How I handle my grief today is different.  I know it comes up unexpectedly, and that it doesn’t need to look or feel a certain way.  Sometimes, it hits me out of nowhere, and I find myself lost in a daydream of what could have been, or I find myself stuck on memories of what it was like.  No matter what comes up, I find myself in a position today, grounded in acceptance, where I don’t shame myself for feeling sad, confused, or angry at the losses I have experienced.
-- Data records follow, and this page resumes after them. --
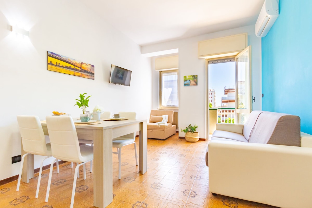 200 metro ang layo ng apartment ko mula sa mga beach facility at mula sa supermarket, pharmacy, restaurant, pizzeria, bar, at entertainment venue. Matatagpuan ito 10 minutong lakad mula sa sentro ng lungsod (600m). Walang elevator pero nasa unang palapag ito. May WiFi, mga sapin at tuwalya, plantsa, mga toiletry at hairdryer. Bago at kumpleto sa gamit na kusina. Mayroon akong isang pribadong paradahan o mayroon ding pampubliko at libreng paradahan sa kalye.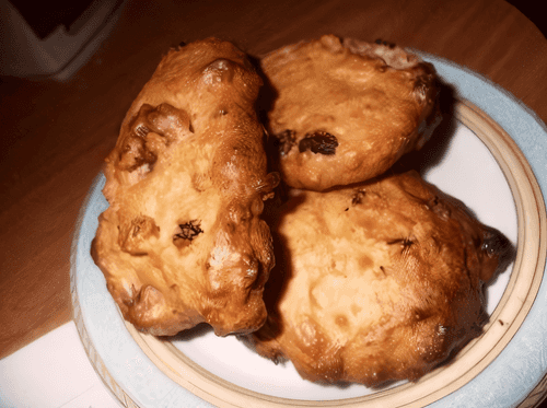 Mix vegetable oil with sugar. Add crushed nuts, raisins, and cinnamon.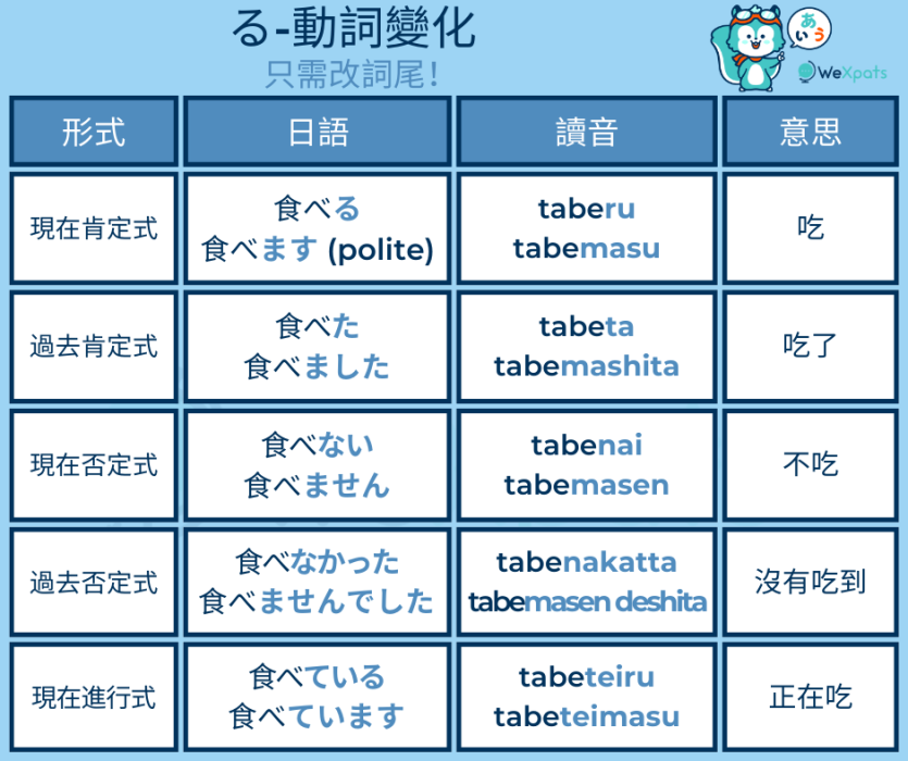 變化規則很簡單,只需改變結尾即可。以下是一個る動詞的變化形式的例子。 「調べる(shiraberu)- 調查」是一個る動詞,過去式變成「調べた(shirabeta)- 調查過」。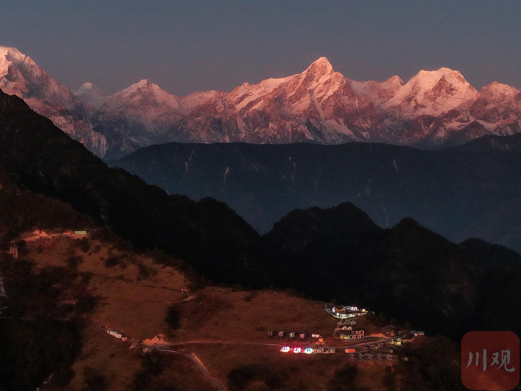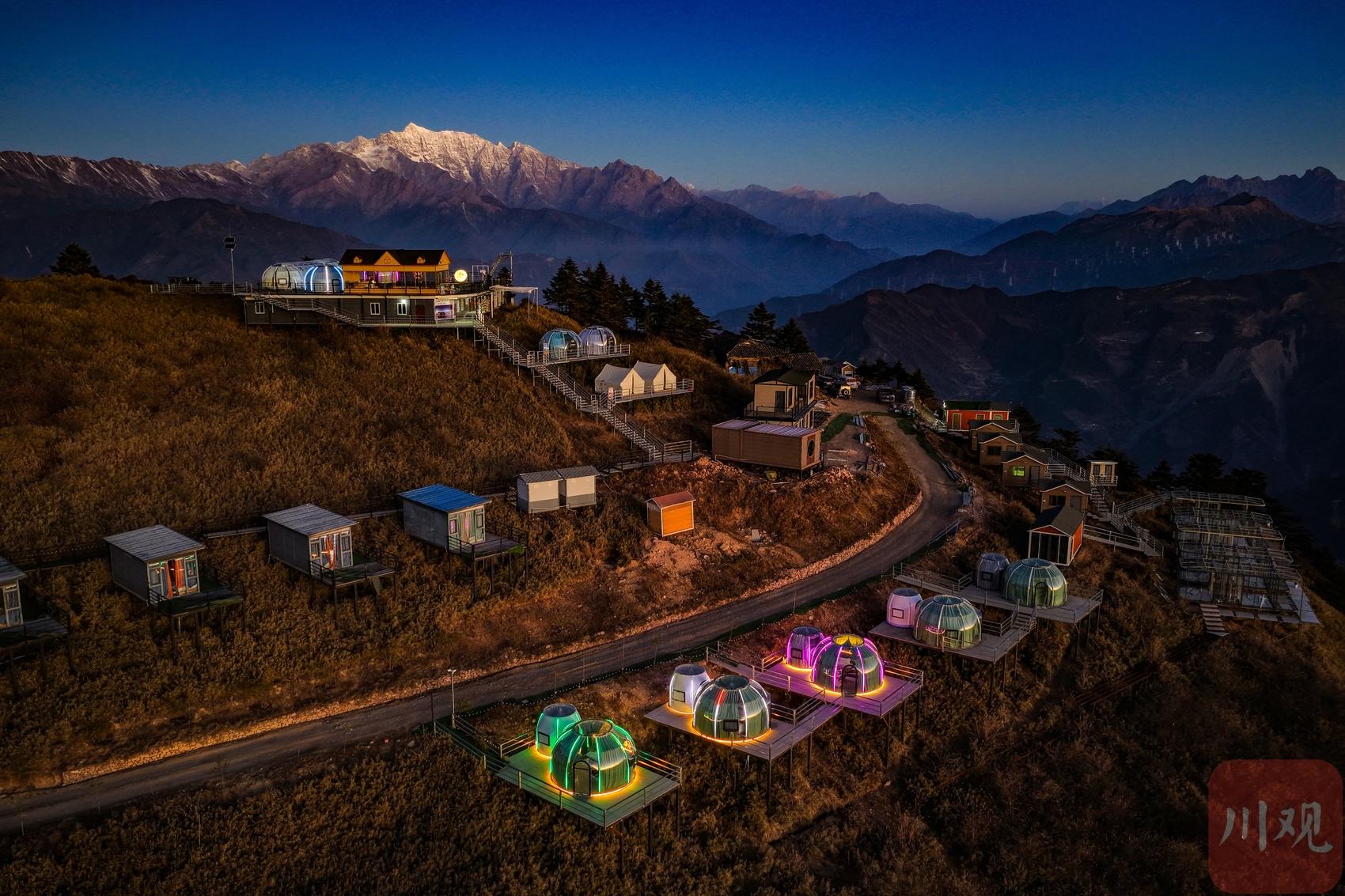 2025年12月18日清晨,四川省甘孜藏族自治州瀘定縣興隆鎮(zhèn)化林村海拔2080多米的星空房點(diǎn)亮山村。李向雨 攝

I’ve been asked before to write commemorative pieces, to speak at services, to provide tangible proof of life and death for a person who lost to their addiction.  It is humbling and painful to do such things, for the memories I have, both the good and the bad, have to suffice in times where words do not seem to do justice.  I can share my experience, I can share my pain, and I can share my hope, but I cannot bring people back, nor can I stop them from using in the first place.  I am empathetic for those who have struggled the way I have, for those who have lost loved ones, for those who have gotten stuck in their grief to where they cannot see any other side to it other than the one full of constant pain and fear.  I am grateful today to know that it is okay to still mourn, even after years have passed.  I know the pain subsides and gets easier to manage as time goes on, and I know I will have the love in my heart that comes with their memories to carry on and spread a message of perseverance.  I also know it is okay if I need to take some time to light a candle, look at a picture, and cry today.